Each entry below is to be transcribed exactly; pictures are not copied.
┌─ Data records
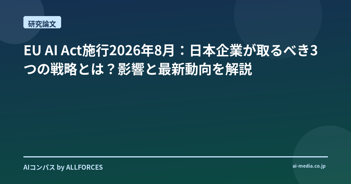 - EU AI Act完全施行は2026年8月!日本企業が知るべき影響とAI活用の現実解とは?
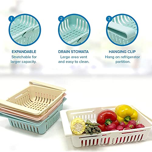 Logther 3Pcs Organizer Frigorifero, Contenitori Frigo Retrattile, Cestello di Scolo,Cestello per Frigorifero, Multifunzionale, per Frigorifero, Congelatore, Dispensa, Armadi, Ripiani, Bagno
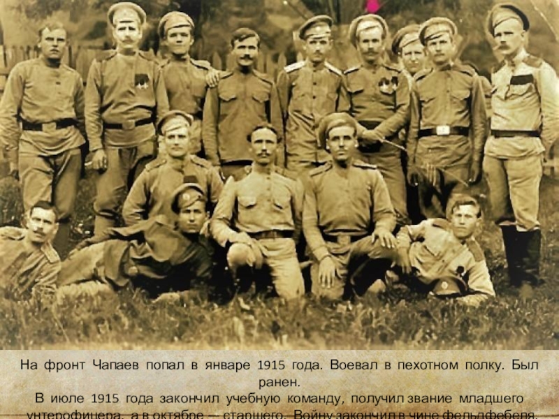 Слайд 9На  фронт  Чапаев  попал  в  январе  1915  года.  Воевал  в  пехотном
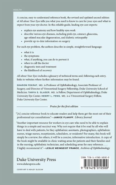 A concise, easy-to-understand reference book, the revised and updated second edition of All about Your Eyes tells you what you need to know to care for your eyes and what to expect from your eye doctor. In this reliable guide, leading eye care experts: * explain eye anatomy and how healthy eyes work * describe various eye diseases, including pink eye, cataract, glaucoma, age-related macular degeneration, and diabetic retinopathy * provide up-to-date information on surgery For each eye problem, the authors describe in simple, straightforward language: * what it is * the symptoms * what, if anything, you can do to prevent it * when to call the doctor * diagnostic tests and treatment * the likelihood of recovery All about Your Eyes includes a glossary of technical terms and, following each entry, links to websites where further information may be found. Contributors. Natalie A. Afshari, MD, Rosanna P. Bahadur, MD, Paramjit K. Bhullar, MD, Faith A. Birnbaum, MD, Cassandra C. Brooks, MD, Pratap Challa, MD, Melissa Mei-Hsia Chan, MBBS, Ravi Chandrashekhar, MD, MSEE, Nathan Cheung, OD, FAAO Claudia S. Cohen, MD, Vincent A. Deramo, MD, Cathy DiBernardo, RN, Laura B. Enyedi, MD, Sharon Fekrat, MD, Henry L. Feng, MD, Brenton D. Finklea, MD, Anna Ginter, MD, Tanya S. Glaser, MD, Michelle Sy Go, MD, MS, Mark Goerlitz-Jessen, MD, Herb Greenman, MD, Abhilash Guduru, MD, Preeya Gupta, MD, Renee Halberg, MSW, LCSW, S. Tammy Hsu, MD, Alessandro Iannaccone, MD, MS, FARVO, Charlene L. James, OD, Kim Jiramongkolchai, MD, Michael P. Kelly, FOPS, Muge R. Kesen, MD, Kirin Khan, MD, Wajiha Jurdi Kheir, MD, Jane S. Kim, MD, Jennifer Lira, MD, Katy C. Liu, MD, PhD, Ramiro S. Maldonado, MD, Ankur Mehra, MD, Priyatham S. Mettu, MD, Prithvi Mruthyunjaya, MD, MHS, Nisha Mukherjee, MD, Kenneth Neufeld, MD, Kristen Peterson, MD, James H. Powers, MD, S. Grace Prakalapakorn, MD, MPH, Michael Quist, MD, Leon Rafailov, MD, Roshni Ranjit-Reeves, MD, Nikolas Raufi, MD, William Raynor, BS, Cason Robbins, BS, Ananth Sastry, MD, Dianna L. Seldomridge, MD, MBA, Terry Semchyshyn, MD, Ann Shue, MD, Julia Song, MD, Brian Stagg, MD, Christopher Sun, MBBS, Anthony Therattil, BS, Daniel S.W. Ting, MBBS, Fay Jobe Tripp, MS, OTR/L, CLVT, CDRS, Obinna Umunakwe, MD, PhD, Lejla Vajzovic, MD, Susan M. Wakil, MD, C. Ellis Wisely, MD, MBA, Julie A. Woodward, MD
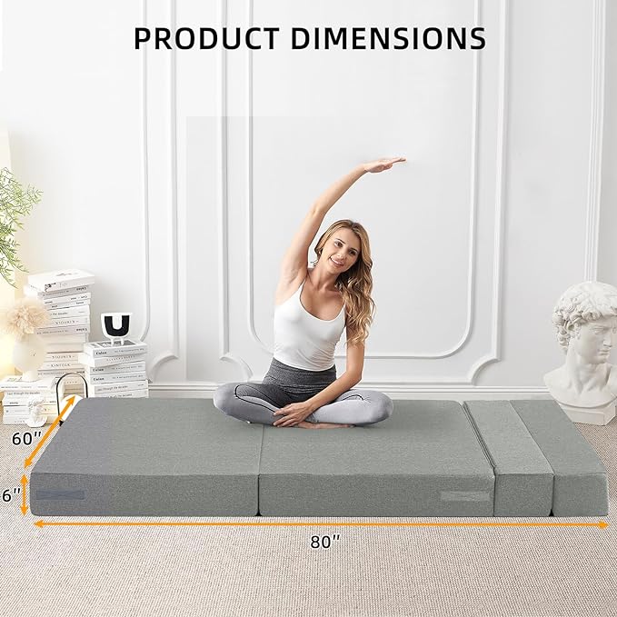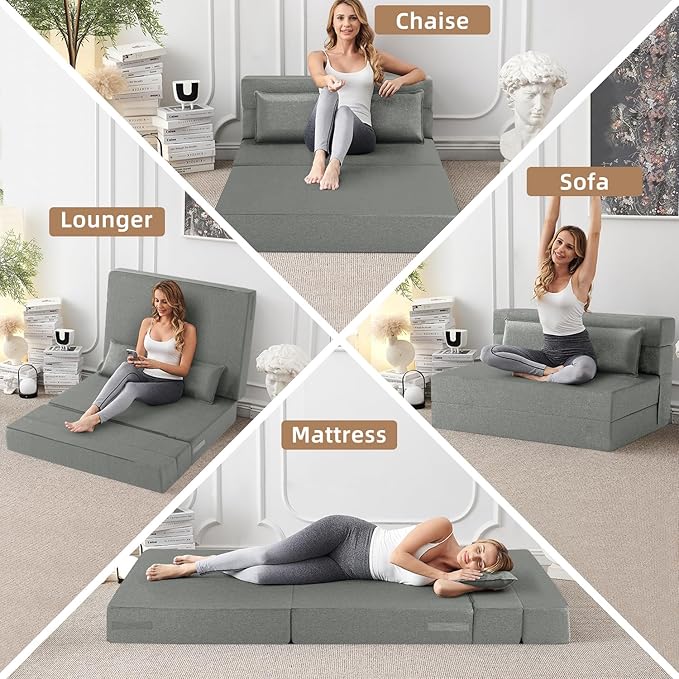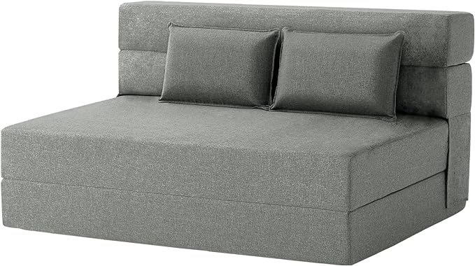 Convertible Folding Sofa Bed-Sleeper Chair with Pillow, Modern Linen Fabric Floor & Futon Couch, Foldable Mattress for Living Room/Dorm/Guest Use/Home Office/Apartment, Queen Size, Light Gray
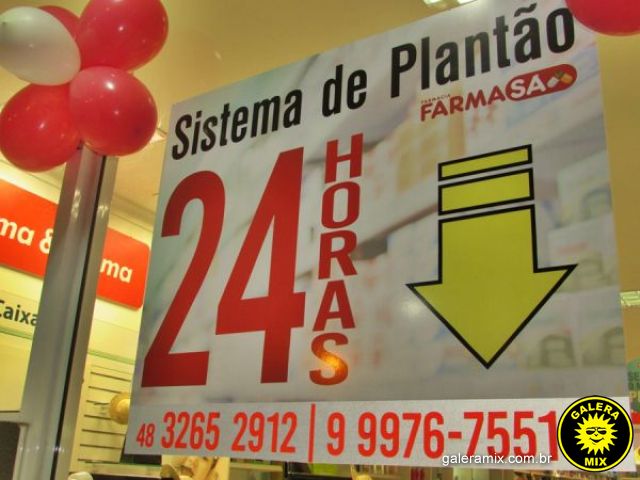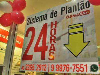 “Queremos estar prestando um serviço para comunidade”. Esta foi a frase que resumiu a inciativa da direção da Farmácia Farma Sá que agora tem plantão 24 horas. Mais informações podem ser obtidas através do telefone 3265 – 2912, a farmácia fica localizada na Rua Zunino Neto centro da cidade.
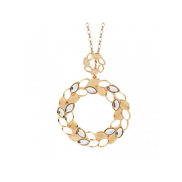 Collana in bronzo placcato oro giallo con contromaglia (diametro cm 1,5) e pendente circolare (diametro cm 4) dal decoro a spiga di grano e cristalli Swarovski crystal (lunghezza cm 5,5). Duplice indosso: 1 filo cm 80 / 2 fili cm 40. Si allegano astuccio,garanzia e shopper lusso
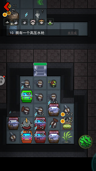 先提升床的等级和建造两个炮台,因为这个时候猛鬼还没有到来,所以优先提升床铺的等级快速获取金币;然后再去提升门的等级,之后床铺的等级可以暂停一下,优先提升门的等级,否则很容易被猛鬼突破,提升到需要电力的时候再去商店购买游戏机,否则会很容易被猛鬼突破。
└─
Expected answer –
 - EU AI Act完全施行は2026年8月!日本企業が知るべき影響とAI活用の現実解とは?
 Logther 3Pcs Organizer Frigorifero, Contenitori Frigo Retrattile, Cestello di Scolo,Cestello per Frigorifero, Multifunzionale, per Frigorifero, Congelatore, Dispensa, Armadi, Ripiani, Bagno
 Слайд 9На  фронт  Чапаев  попал  в  январе  1915  года.  Воевал  в  пехотном
 A concise, easy-to-understand reference book, the revised and updated second edition of All about Your Eyes tells you what you need to know to care for your eyes and what to expect from your eye doctor. In this reliable guide, leading eye care experts: * explain eye anatomy and how healthy eyes work * describe various eye diseases, including pink eye, cataract, glaucoma, age-related macular degeneration, and diabetic retinopathy * provide up-to-date information on surgery For each eye problem, the authors describe in simple, straightforward language: * what it is * the symptoms * what, if anything, you can do to prevent it * when to call the doctor * diagnostic tests and treatment * the likelihood of recovery All about Your Eyes includes a glossary of technical terms and, following each entry, links to websites where further information may be found. Contributors. Natalie A. Afshari, MD, Rosanna P. Bahadur, MD, Paramjit K. Bhullar, MD, Faith A. Birnbaum, MD, Cassandra C. Brooks, MD, Pratap Challa, MD, Melissa Mei-Hsia Chan, MBBS, Ravi Chandrashekhar, MD, MSEE, Nathan Cheung, OD, FAAO Claudia S. Cohen, MD, Vincent A. Deramo, MD, Cathy DiBernardo, RN, Laura B. Enyedi, MD, Sharon Fekrat, MD, Henry L. Feng, MD, Brenton D. Finklea, MD, Anna Ginter, MD, Tanya S. Glaser, MD, Michelle Sy Go, MD, MS, Mark Goerlitz-Jessen, MD, Herb Greenman, MD, Abhilash Guduru, MD, Preeya Gupta, MD, Renee Halberg, MSW, LCSW, S. Tammy Hsu, MD, Alessandro Iannaccone, MD, MS, FARVO, Charlene L. James, OD, Kim Jiramongkolchai, MD, Michael P. Kelly, FOPS, Muge R. Kesen, MD, Kirin Khan, MD, Wajiha Jurdi Kheir, MD, Jane S. Kim, MD, Jennifer Lira, MD, Katy C. Liu, MD, PhD, Ramiro S. Maldonado, MD, Ankur Mehra, MD, Priyatham S. Mettu, MD, Prithvi Mruthyunjaya, MD, MHS, Nisha Mukherjee, MD, Kenneth Neufeld, MD, Kristen Peterson, MD, James H. Powers, MD, S. Grace Prakalapakorn, MD, MPH, Michael Quist, MD, Leon Rafailov, MD, Roshni Ranjit-Reeves, MD, Nikolas Raufi, MD, William Raynor, BS, Cason Robbins, BS, Ananth Sastry, MD, Dianna L. Seldomridge, MD, MBA, Terry Semchyshyn, MD, Ann Shue, MD, Julia Song, MD, Brian Stagg, MD, Christopher Sun, MBBS, Anthony Therattil, BS, Daniel S.W. Ting, MBBS, Fay Jobe Tripp, MS, OTR/L, CLVT, CDRS, Obinna Umunakwe, MD, PhD, Lejla Vajzovic, MD, Susan M. Wakil, MD, C. Ellis Wisely, MD, MBA, Julie A. Woodward, MD
 Convertible Folding Sofa Bed-Sleeper Chair with Pillow, Modern Linen Fabric Floor & Futon Couch, Foldable Mattress for Living Room/Dorm/Guest Use/Home Office/Apartment, Queen Size, Light Gray
 “Queremos estar prestando um serviço para comunidade”. Esta foi a frase que resumiu a inciativa da direção da Farmácia Farma Sá que agora tem plantão 24 horas. Mais informações podem ser obtidas através do telefone 3265 – 2912, a farmácia fica localizada na Rua Zunino Neto centro da cidade.
 Collana in bronzo placcato oro giallo con contromaglia (diametro cm 1,5) e pendente circolare (diametro cm 4) dal decoro a spiga di grano e cristalli Swarovski crystal (lunghezza cm 5,5). Duplice indosso: 1 filo cm 80 / 2 fili cm 40. Si allegano astuccio,garanzia e shopper lusso
 先提升床的等级和建造两个炮台,因为这个时候猛鬼还没有到来,所以优先提升床铺的等级快速获取金币;然后再去提升门的等级,之后床铺的等级可以暂停一下,优先提升门的等级,否则很容易被猛鬼突破,提升到需要电力的时候再去商店购买游戏机,否则会很容易被猛鬼突破。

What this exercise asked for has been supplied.